My other daughter is about to graduate from high school. She wants to be a nurse and will be great at it: compassionate, kind, intelligent, dedicated. She’s leaving home soon for college in Milwaukee. She’ll pack up her things in boxes here—books and weird earrings, artwork, keepsakes from dear friends—and we’ll drive over to drop her and the boxes off at her first place outside our house. She’ll make herself a home in her first home, all her own.
I think about both of them taking flight as I walk Cherokee Marsh and delight in the return of the tree swallows. It's nesting season for them, too. The birds dip and glide across blue skies, chirp and chatter in the tree knots, and make ballets in the clouds, so many that there are clouds of swallows. An iridescence of joy. A presence of happiness. Of home.
Pairs of swallows have arrived at the nest boxes that are placed throughout the marsh lands. They sit atop them; swoop and swell around them; build nests within them. Yes, the swallows are back to claim the marsh home.
As I approach, they yell at me and hover above me for a moment before dive bombing. This is our home. Go away! They get rather aggressive and close to my tender head. Okay! Okay! I say, laughing, moving on, looking back as they perch again proudly on their nestings.
My bride and I will be empty nesters soon. Our children now proudly nesting on their own. They are fledglings in life. The sky is limitless for their hopes and dreams and desires. Their world is otherworldly to me and my wife.
We hope that we have helped our daughters see beyond us, to be better than we are: their minds, clearer and sharper; their skills brilliant and defined; their feelings more honest and earnest; their hearts creating a deeper resonance.

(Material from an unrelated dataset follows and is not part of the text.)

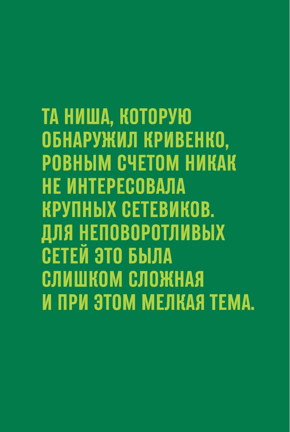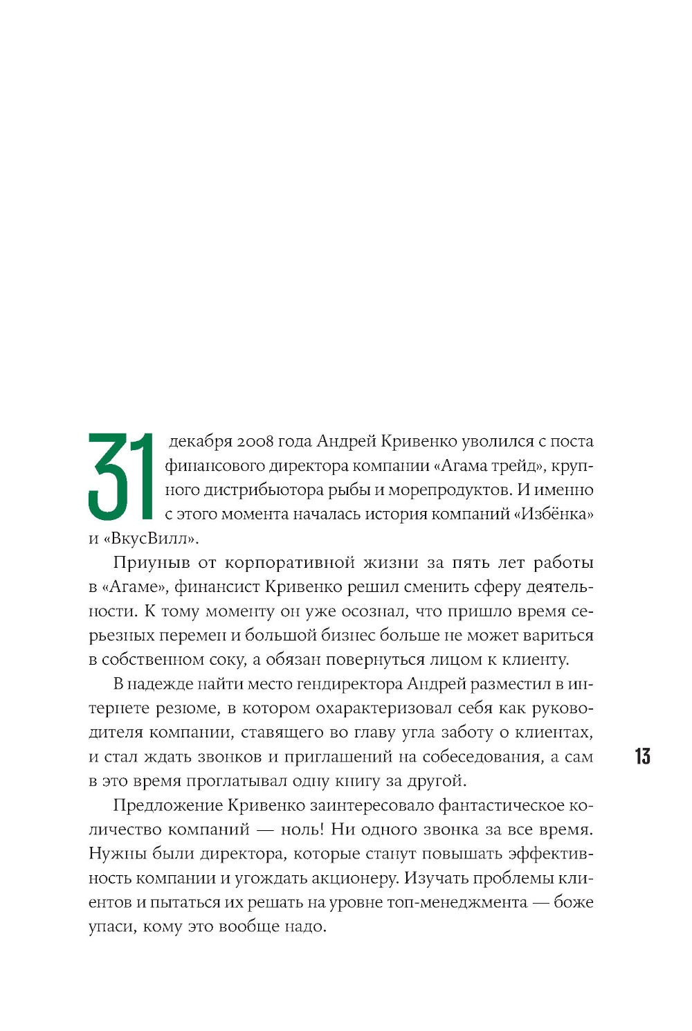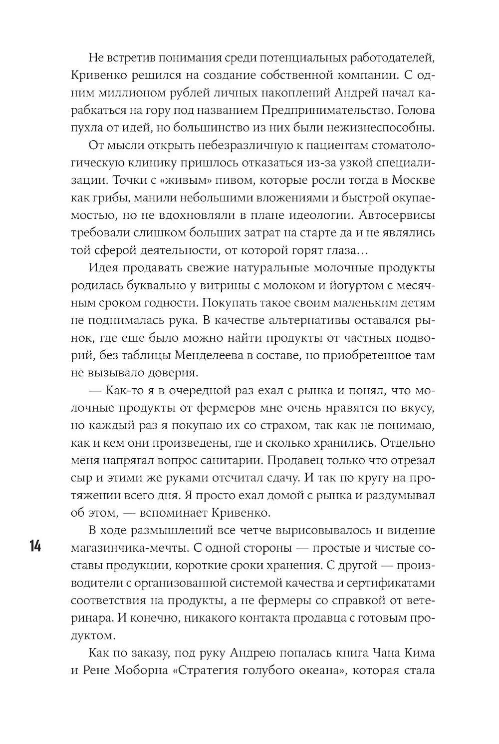 Как построить большую продуктовую сеть, начав с маленького молочного киоска и не взяв ни одного кредита? Как вынырнуть из алого океана, погрузиться в голубой и ежегодно увеличивать обороты вдвое? Как не утратить дух стартапа за 10 лет? Как управлять компанией, в которой более 5000 сотрудников, без жестких приказов и регламентов, прописанных KPI и спланированного годового бюджета? Какими должны быть управленцы в такой компании? Как вообще подбирается команда, которую не хотят покидать? Продуктовые сети «ВкусВилл» и «Избёнка» знакомы многим, их продукцию любят и рекомендуют друзьям. Компания ворвалась на рынок здорового питания и совершила революцию в розничной торговле.| Издательство | Альпина Паблишер |

In ancient Greece, swallows were associated with Aphrodite and regarded as harbingers of good fortune. In maritime traditions, sailors got tattoos of swallows to symbolize a safe return to their homes.
The tree swallows are a flying pageant of homecoming at the marsh. My wife and I will be home alone now, delighted that the light of our children is now a brilliance in Seattle, in Milwaukee, a brilliance in the lives of all they know and are yet to know. The world, otherworldly, their lives, bright, blue, true.